Data Preparation (Pre-tokenization)¶
Optimus-DL provides a robust pipeline for preparing large datasets for high-performance training. This process, often called Pre-tokenization, involves converting raw text data into sharded, memory-mapped numpy arrays.
Why Pre-tokenize?¶
- Zero Overhead: Tokenization happens once, not during every training epoch.
- Memory Mapping: Shards are loaded using
mmap, allowing for near-instant random access and minimal RAM usage. - Distributed Ready: Data is sharded so each rank can efficiently read its own portion of the data.
The Preparation Pipeline¶
Data preparation is orchestrated by scripts/pretokenize.py. The pipeline consists of:
- Source: Reads raw data (e.g., Hugging Face datasets, JSONL files).
- Processor: Tokenizes the text using a configured tokenizer (e.g., Llama 3, GPT-2).
- Sharder: Aggregates tokens and writes them into
.npyfiles along with a globalindex.json.
Example Configuration¶
Data preparation is configured via Hydra.
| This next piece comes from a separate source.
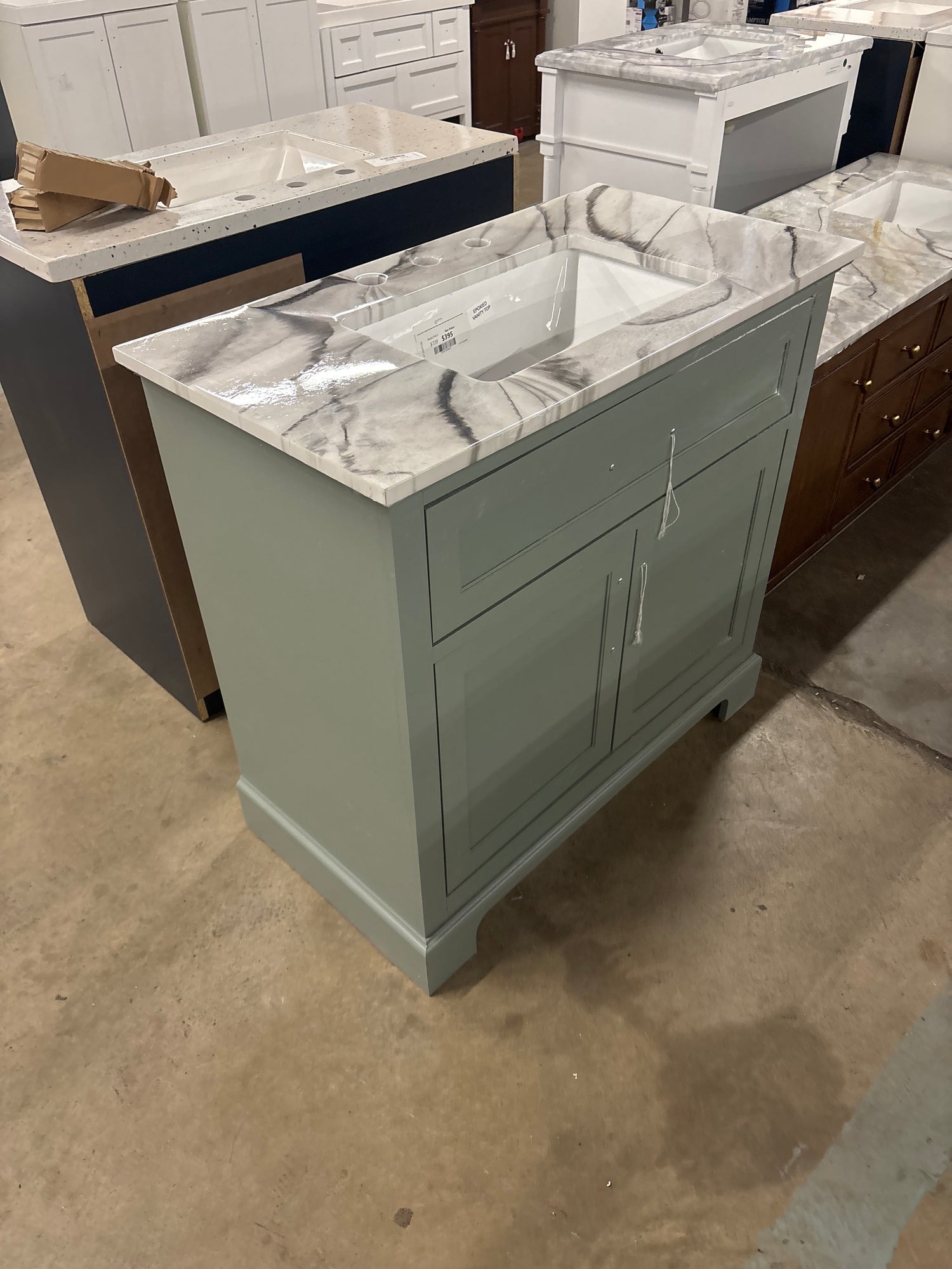 Doveton 36 in. Single Sink Sage Green Bath Vanity with White Epoxied Engineered Stone Top (Assembled) is backordered and will ship as soon as it is back in stock.

A typical config (configs/prepare_data/default.yaml) looks like this:
source:
_name: hf_source
path: "HuggingFaceFW/fineweb-edu"
name: "sample-10BT"
split: "train"
streaming: true
tokenizer:
_name: llama3
path: "meta-llama/Meta-Llama-3-8B"
sharder:
output_dir: "outputs/data/fineweb-edu"
shard_size: 100_000_000 # tokens per shard
dtype: "uint16"
Running the Pipeline¶
To start the pre-tokenization process:
You can override parameters from the command line:
python scripts/pretokenize.py \
source.path="roneneldan/TinyStories" \
sharder.output_dir="outputs/data/tinystories"
Using Pre-tokenized Data¶
Once prepared, you can use the data in your training config by pointing a tokenized_dataset to the output directory:
data:
train_datasets:
source:
_name: tokenized_dataset
data_dir: "outputs/data/fineweb-edu"
transform: ${data.scratch.my_transform}
Resume Support¶
The pre-tokenization script supports resuming from a checkpoint. If the process is interrupted, simply run the command again with the same output_dir, and it will pick up from the last saved shard.